The test words were first automatically segmented using Automatic Speech Recognition-based force alignment software developed at the Tallinn University of Technology (Alumäe, Tilk & Asadullah Reference Alumäe and Tilk2018) and then manually corrected by visually analyzing the corresponding spectrograms. The boundary between the vowel and the following /s/ was set where the periodic oscillation of the vowel became aperiodic. The beginning of the closure phase of /t/ was set where the F2 of the preceding vowel did not show any periodic oscillations anymore. The boundary between a vowel and a following /l/ or /n/ was set by looking at the F2 movement and concentration of energy. For /n/, we drew a boundary where there is a drop in F2 because of the anti-formant that forms in the nasal cavity, which dampens the values in the F2 region. For /l/, the movement of F2 and the relative intensity of the vowel and the lateral were compared, and the boundary was set where the intensity was lower after the vowel. The boundary for the beginning of the vowel was also set by keeping these parameters in mind: periodicity, the movement of F2, and by looking at the intensity of the spectrogram. The final boundary of /l/ and /n/ was set where the periodic oscillations of F2 ended or became aperiodic.
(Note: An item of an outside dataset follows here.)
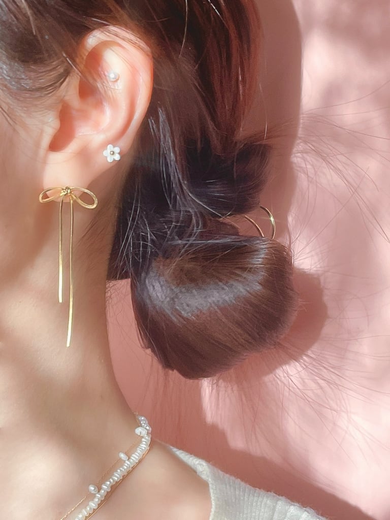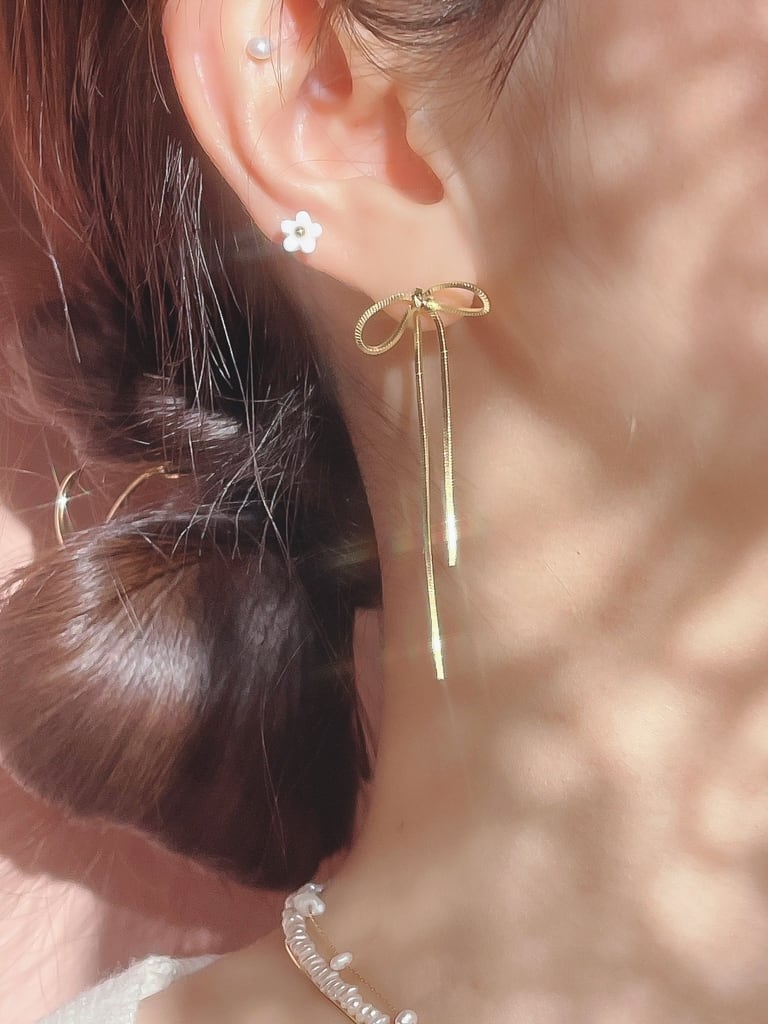 at3のテーマでもある「結ぶ」をイメージしたもので、自分自身をプレゼントのような特別な気持ちにしてくれるラブリーなピアスです♡

For /s/ and /t/, the boundary was set where the aperiodic oscillations faded out or where the presumable aspiration started.

2.3 Analysis of vowels that precede consonants

The acoustic analysis was carried out using the software Praat (Boersma & Weenink, Reference Boersma and Weenink2021). For the analysis of vowels /ɑ o u/ preceding consonants, an Optimized Formant Ceiling method (Escudero et al. Reference Escudero, Boersma, Schurt Rauber and Bion2009) implemented as a Praat script was used to extract F1, F2, and F3 values from 30 equidistant time points spanning the duration of each vowel. A unique formant ceiling was searched for each vowel between 4000 Hz and 8000 Hz at 10 Hz intervals. The ceiling with the smallest variance within each vowel was chosen for the analysis. After the ceiling was chosen, a new analysis with the selected ceiling was carried out. This allowed us to dynamically analyze the movements of formants with minimalized number of measurement errors. We also measured the total duration of each of the vowels. We analyzed 331 vowel tokens before /l/, 171 before /n/, 172 before /s/ and 237 before /t/. The results concerning spectral properties of vowels are presented in Section 3.1, and for temporal properties in Section 3.3.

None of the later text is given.